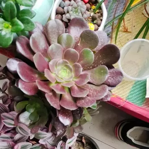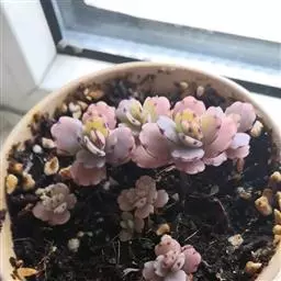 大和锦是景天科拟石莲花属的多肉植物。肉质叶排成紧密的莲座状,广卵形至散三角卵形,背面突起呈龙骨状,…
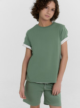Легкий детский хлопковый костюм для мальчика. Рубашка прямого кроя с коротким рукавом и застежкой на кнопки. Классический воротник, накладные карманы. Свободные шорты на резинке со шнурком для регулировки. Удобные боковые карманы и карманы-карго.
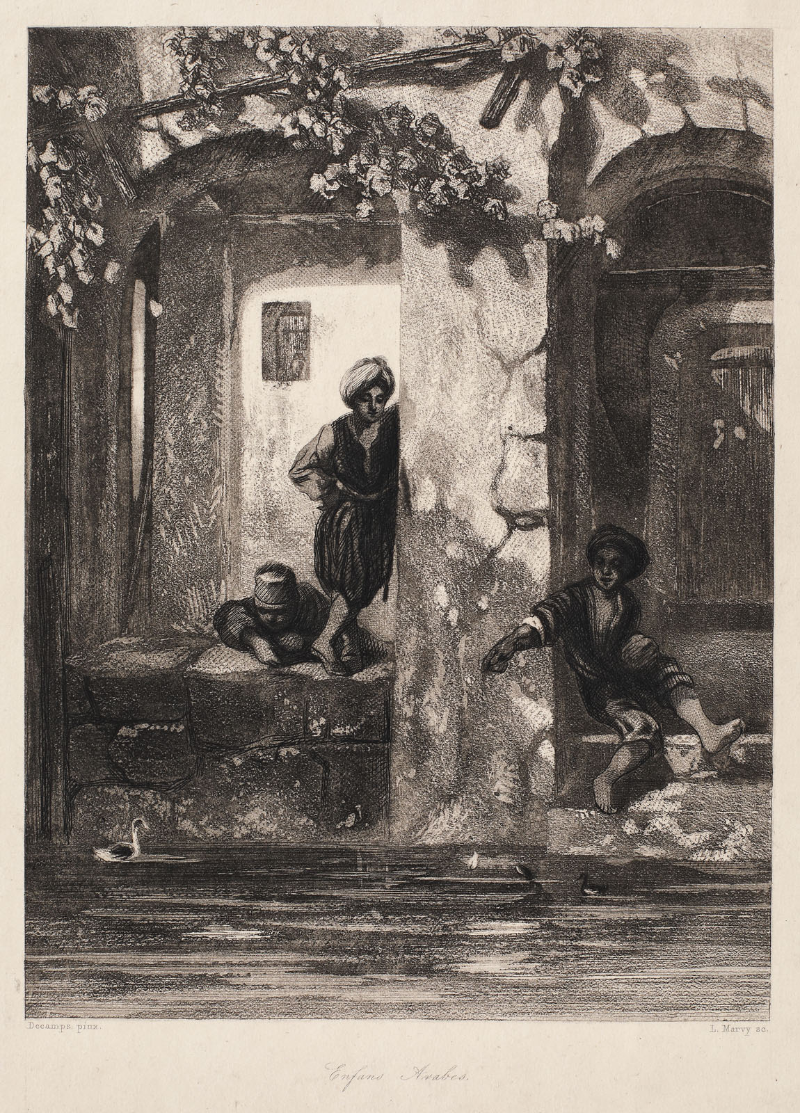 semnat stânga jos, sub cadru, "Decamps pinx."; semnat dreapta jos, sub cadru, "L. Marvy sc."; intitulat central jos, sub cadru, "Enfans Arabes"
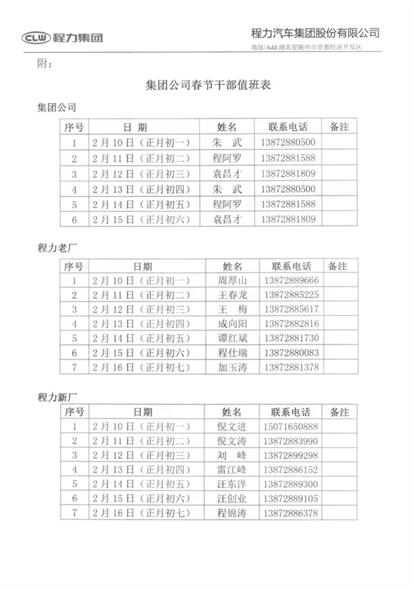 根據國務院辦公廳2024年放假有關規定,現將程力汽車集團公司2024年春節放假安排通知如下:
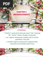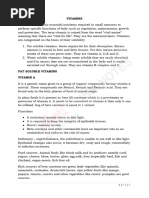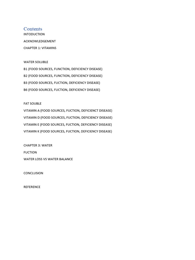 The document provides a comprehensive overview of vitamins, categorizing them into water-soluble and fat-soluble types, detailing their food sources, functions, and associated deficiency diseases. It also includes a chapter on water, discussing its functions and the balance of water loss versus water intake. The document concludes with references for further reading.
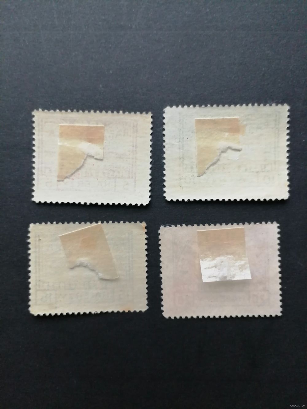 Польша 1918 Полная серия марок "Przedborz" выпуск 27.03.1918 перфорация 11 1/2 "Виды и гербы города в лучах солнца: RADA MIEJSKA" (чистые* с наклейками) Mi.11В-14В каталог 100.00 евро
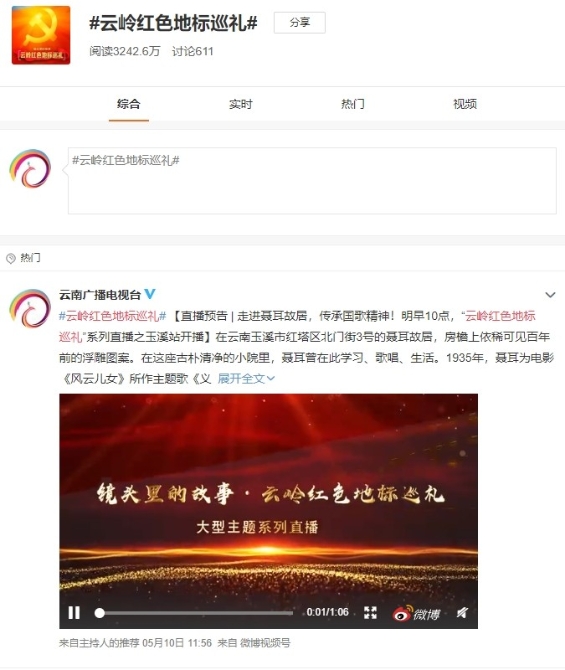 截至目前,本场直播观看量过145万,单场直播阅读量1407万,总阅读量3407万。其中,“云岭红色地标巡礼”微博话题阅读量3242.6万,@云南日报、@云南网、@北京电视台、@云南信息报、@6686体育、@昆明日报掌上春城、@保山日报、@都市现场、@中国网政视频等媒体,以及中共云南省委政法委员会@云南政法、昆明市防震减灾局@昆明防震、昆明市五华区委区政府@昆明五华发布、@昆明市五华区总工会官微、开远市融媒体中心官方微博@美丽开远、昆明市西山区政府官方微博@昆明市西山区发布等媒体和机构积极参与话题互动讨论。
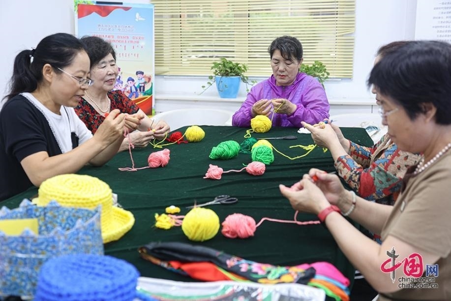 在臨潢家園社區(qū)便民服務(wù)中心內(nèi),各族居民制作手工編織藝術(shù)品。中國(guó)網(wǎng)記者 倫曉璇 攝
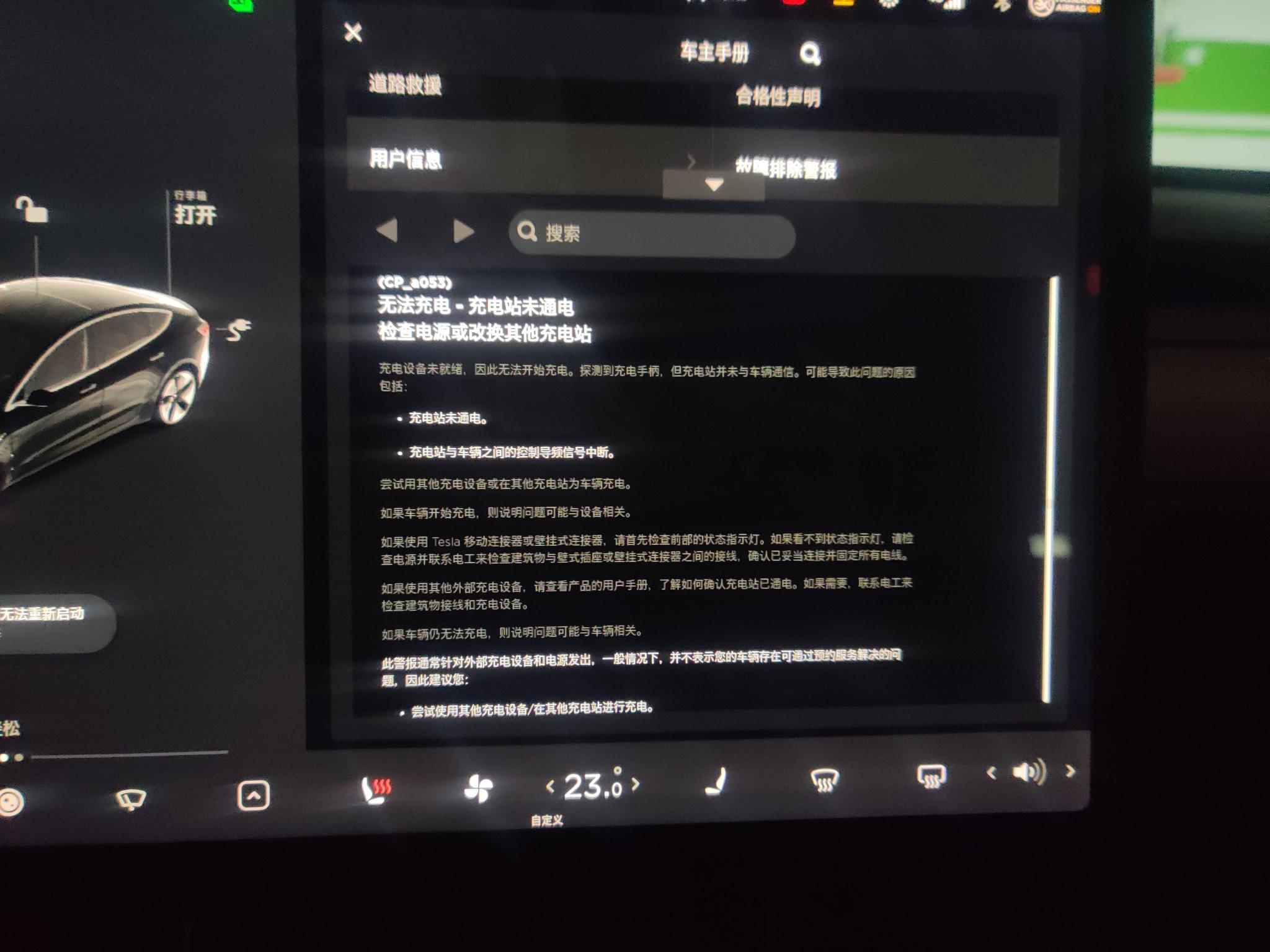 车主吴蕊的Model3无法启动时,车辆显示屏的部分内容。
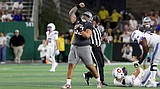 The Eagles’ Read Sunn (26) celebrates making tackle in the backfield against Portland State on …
==
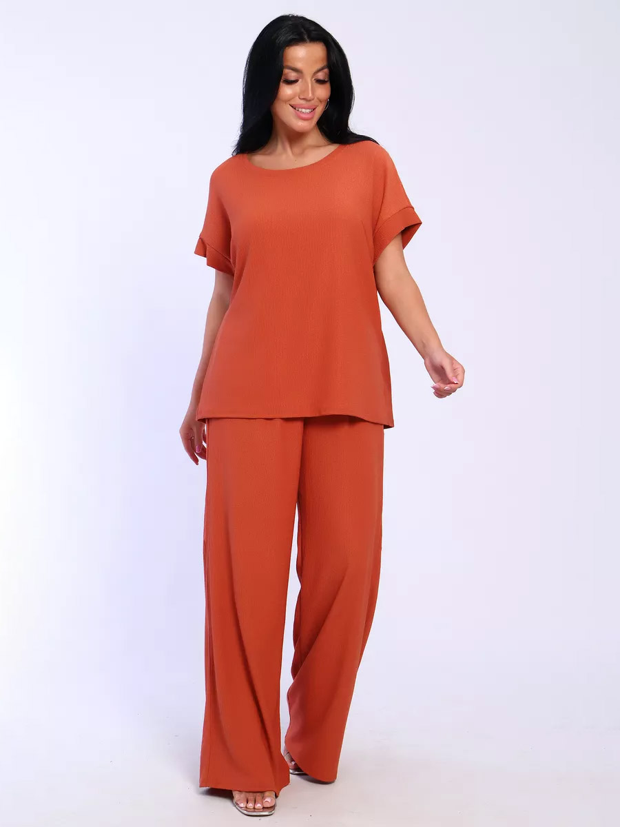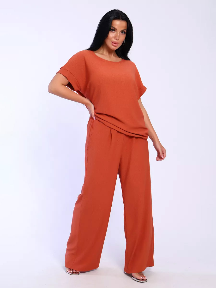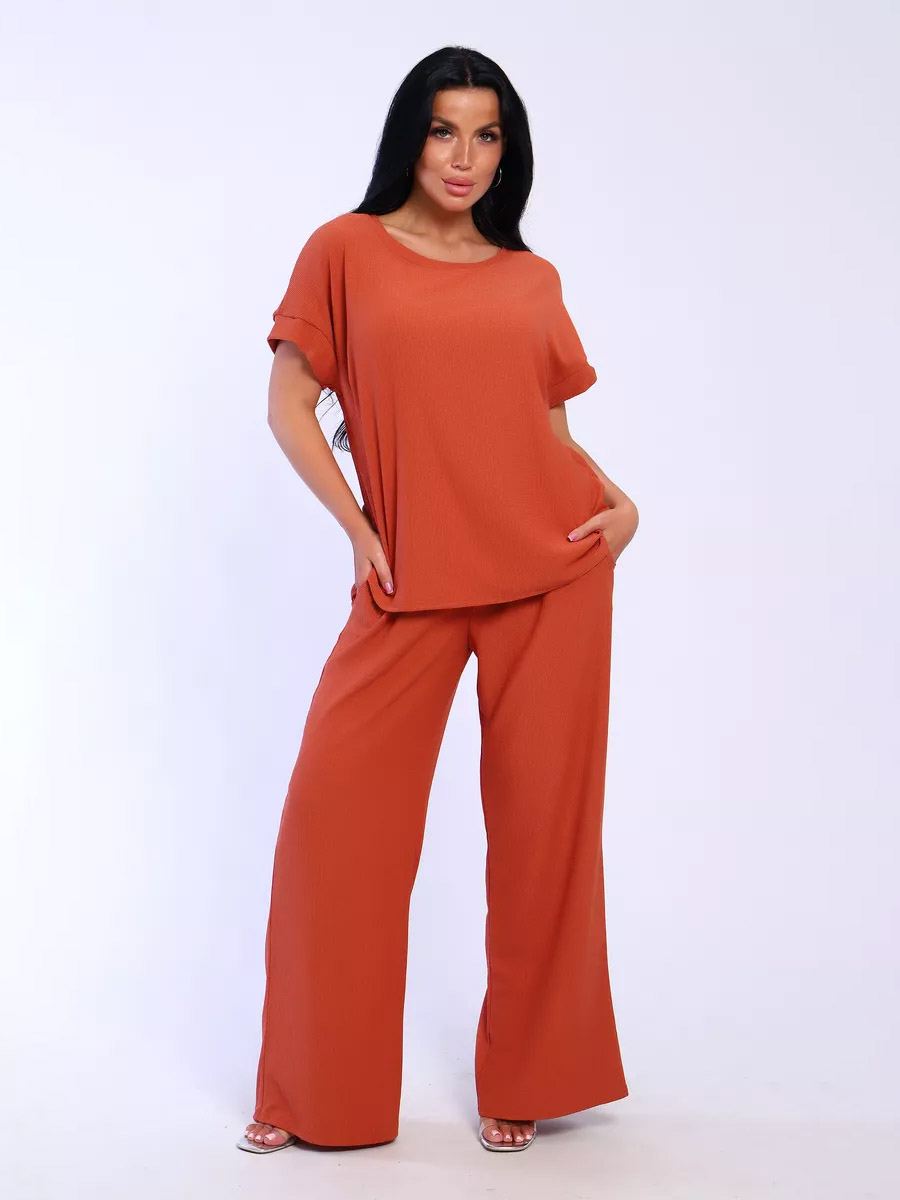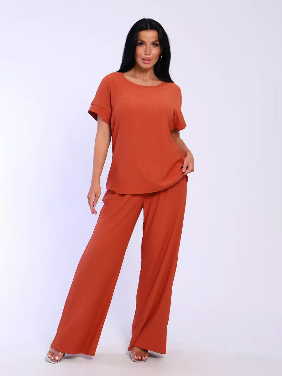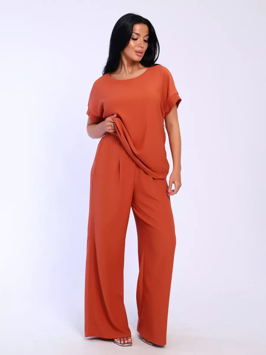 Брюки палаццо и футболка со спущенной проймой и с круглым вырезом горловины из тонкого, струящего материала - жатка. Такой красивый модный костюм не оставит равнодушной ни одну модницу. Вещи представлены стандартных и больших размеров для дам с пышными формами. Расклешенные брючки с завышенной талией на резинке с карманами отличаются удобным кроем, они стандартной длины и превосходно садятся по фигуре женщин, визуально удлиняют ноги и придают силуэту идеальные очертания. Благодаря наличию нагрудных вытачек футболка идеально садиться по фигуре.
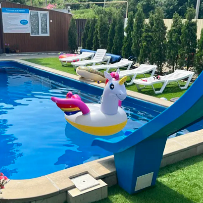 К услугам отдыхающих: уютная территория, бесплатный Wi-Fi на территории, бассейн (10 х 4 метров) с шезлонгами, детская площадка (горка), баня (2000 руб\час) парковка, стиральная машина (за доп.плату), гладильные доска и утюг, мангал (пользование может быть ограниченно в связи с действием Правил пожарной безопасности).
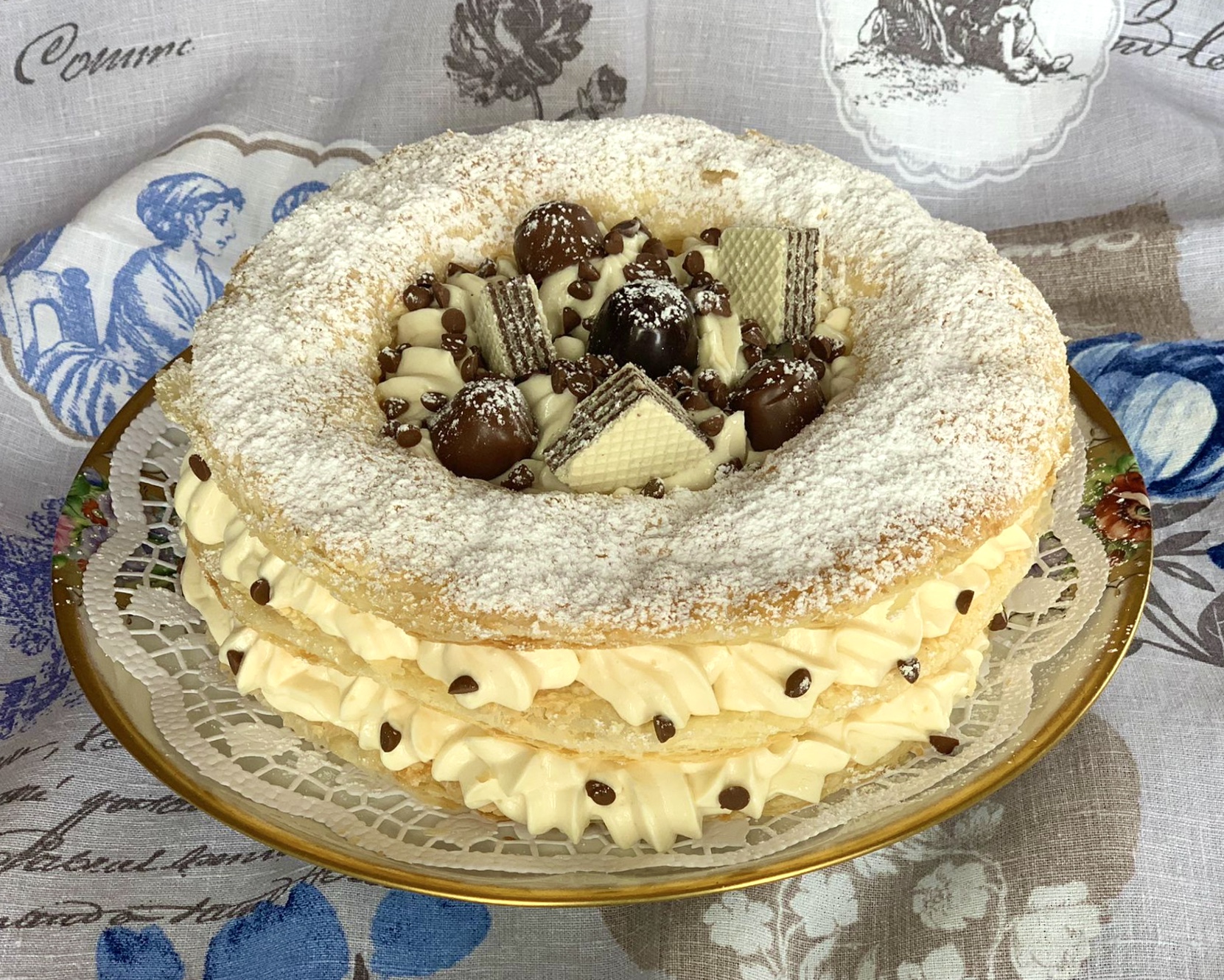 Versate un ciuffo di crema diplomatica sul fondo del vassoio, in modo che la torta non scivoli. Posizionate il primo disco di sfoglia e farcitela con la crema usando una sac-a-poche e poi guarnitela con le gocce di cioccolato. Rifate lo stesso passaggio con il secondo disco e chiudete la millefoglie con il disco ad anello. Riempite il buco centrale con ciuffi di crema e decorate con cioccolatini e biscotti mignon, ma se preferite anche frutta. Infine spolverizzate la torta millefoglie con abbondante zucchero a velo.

* [PROMPT]: Among the records above, locate the line containing "Легкий детский хлопковый" and the line containing "The Eagles’ Read", then transcribe exactly the lines starting at the first and ending at the second, with no pictures.

* [SOLVED PROBLEM]:
Легкий детский хлопковый костюм для мальчика. Рубашка прямого кроя с коротким рукавом и застежкой на кнопки. Классический воротник, накладные карманы. Свободные шорты на резинке со шнурком для регулировки. Удобные боковые карманы и карманы-карго.
 semnat stânga jos, sub cadru, "Decamps pinx."; semnat dreapta jos, sub cadru, "L. Marvy sc."; intitulat central jos, sub cadru, "Enfans Arabes"
 根據國務院辦公廳2024年放假有關規定,現將程力汽車集團公司2024年春節放假安排通知如下:
 The document provides a comprehensive overview of vitamins, categorizing them into water-soluble and fat-soluble types, detailing their food sources, functions, and associated deficiency diseases. It also includes a chapter on water, discussing its functions and the balance of water loss versus water intake. The document concludes with references for further reading.
 Польша 1918 Полная серия марок "Przedborz" выпуск 27.03.1918 перфорация 11 1/2 "Виды и гербы города в лучах солнца: RADA MIEJSKA" (чистые* с наклейками) Mi.11В-14В каталог 100.00 евро
 截至目前,本场直播观看量过145万,单场直播阅读量1407万,总阅读量3407万。其中,“云岭红色地标巡礼”微博话题阅读量3242.6万,@云南日报、@云南网、@北京电视台、@云南信息报、@6686体育、@昆明日报掌上春城、@保山日报、@都市现场、@中国网政视频等媒体,以及中共云南省委政法委员会@云南政法、昆明市防震减灾局@昆明防震、昆明市五华区委区政府@昆明五华发布、@昆明市五华区总工会官微、开远市融媒体中心官方微博@美丽开远、昆明市西山区政府官方微博@昆明市西山区发布等媒体和机构积极参与话题互动讨论。
 在臨潢家園社區(qū)便民服務(wù)中心內(nèi),各族居民制作手工編織藝術(shù)品。中國(guó)網(wǎng)記者 倫曉璇 攝
 车主吴蕊的Model3无法启动时,车辆显示屏的部分内容。
 The Eagles’ Read Sunn (26) celebrates making tackle in the backfield against Portland State on …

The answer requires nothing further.